Out-of-Bounds Engine System Resource Metrics
Use the mtx-engine-system-health-check container in the engine-health-checker pod to monitor the engine pod system resources that are being used, including CPU and disk space, and alert users when the metrics they are monitoring are outside predefined bounds.
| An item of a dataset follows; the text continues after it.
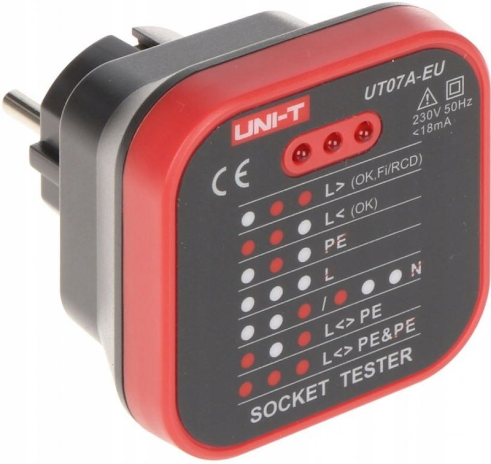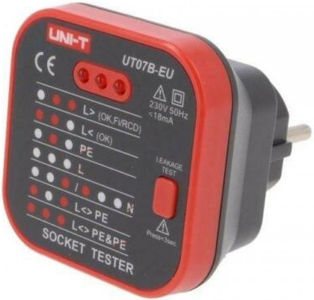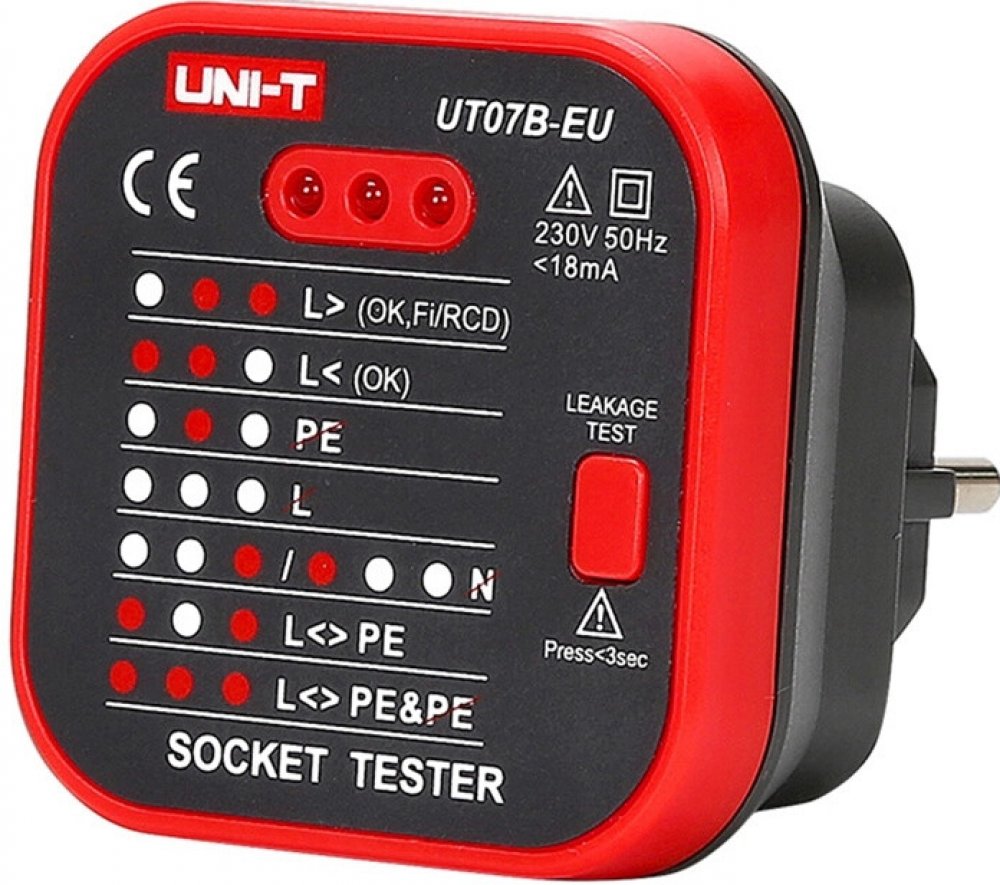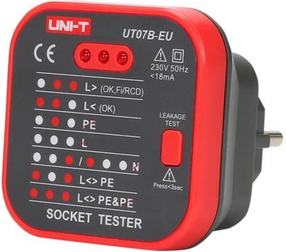 Přístroj UNI-T UT07B-EU je tester pro jednoduchou kontrolu zapojení zásuvek 230V/AC. Pomocí tří kontrolních diod LED signalizuje správné připojení všech tří vodičů rozvodu a funkčnost zapojení proudového chrániče.

The mtx-engine-system-health-check container periodically scrapes metrics that were predefined by the user and compares those metrics with the bounds that the user also predefined in the boundaries file. If the metric value is outside the specified boundary, an error message is logged. Users can also retrieve these out of bounds metrics using the Prometheus server running inside the mtx-engine-system-health-check container.
Location | Metric |
---|---|
CPU (Node level) | statSysInfoCpuUsgIdlePrc statSysInfoCpuUsgUserPrc statSysInfoCpuUsgSysPrc |
Memory (Node level) | statSysInfoPhysicalMemoryTotalMb statSysInfoPhysicalMemoryFreeMb statSysInfoPhysicalMemoryAvailableMb |
Disk (local and shared) – local is fast-shared storage and shared is shared storage | statSysInfoDiskTotalSizeMb statSysInfoDiskAvailableMb statSysInfoDiskUsedMb statSysInfoDiskAvailablePct statSysInfoDiskUsedPct |
Common | sysTotalMemoryPoolSizeMb (pod level shared memory allocated) sysTotalMemoryPoolInUseMb (pod level shared memory used) |
Kubernetes API | podCpuUsage podMemoryUsage |
metric-boundary-prometheus-agent.yaml:
- MetricName: statSysInfoCpuUsgIdlePrc
MetricLowerBoundary: 20
- MetricName: statSysInfoCpuUsgUserPrc
MetricUpperBoundary: 60
- MetricName: statSysInfoCpuUsgSysPrc
MetricUpperBoundary: 20
- MetricName: statSysInfoPhysicalMemoryFreeMb
MetricLowerBoundary: 64
- MetricName: statSysInfoDiskAvailablePct{statSysInfoDiskIdStr="shared"}
MetricLowerBoundary: 10
- MetricName: statSysInfoDiskAvailablePct{statSysInfoDiskIdStr="local"}
MetricLowerBoundary: 10
- MetricName: statSysInfoDiskUsedPct{statSysInfoDiskIdStr="shared"}
MetricUpperBoundary: 90
- MetricName: statSysInfoDiskUsedPct{statSysInfoDiskIdStr="local"}
MetricUpperBoundary: 90
#- MetricName: statSysInfoPhysicalMemoryTotalMb
#- MetricName: statSysInfoPhysicalMemoryAvailableMb
#- MetricName: statSysInfoDiskTotalSizeMb{statSysInfoDiskIdStr="shared"}
#- MetricName: statSysInfoDiskTotalSizeMb{statSysInfoDiskIdStr="local"}
#- MetricName: statSysInfoDiskAvailableMb{statSysInfoDiskIdStr="shared"}
#- MetricName: statSysInfoDiskAvailableMb{statSysInfoDiskIdStr="local"}
#- MetricName: statSysInfoDiskUsedMb{statSysInfoDiskIdStr="shared"}
#- MetricName: statSysInfoDiskUsedMb{statSysInfoDiskIdStr="local"}
#- MetricName: sysTotalMemoryPoolSizeMb
#- MetricName: sysTotalMemoryPoolInUseMb
The following example includes the supported metrics for a Kubernetes API boundary file:
metric-boundary-k8s.yaml:
#- MetricName: podCpuUsage
#- MetricName: podMemoryUsage
Output Information
kubectl port-forward pod/engine-health-checker-xxxxxxx -n matrixx 18087:18087
Where xxxxxxx is the pod's complete name. This values is generated by Kubernetes to make the pod name globally unique.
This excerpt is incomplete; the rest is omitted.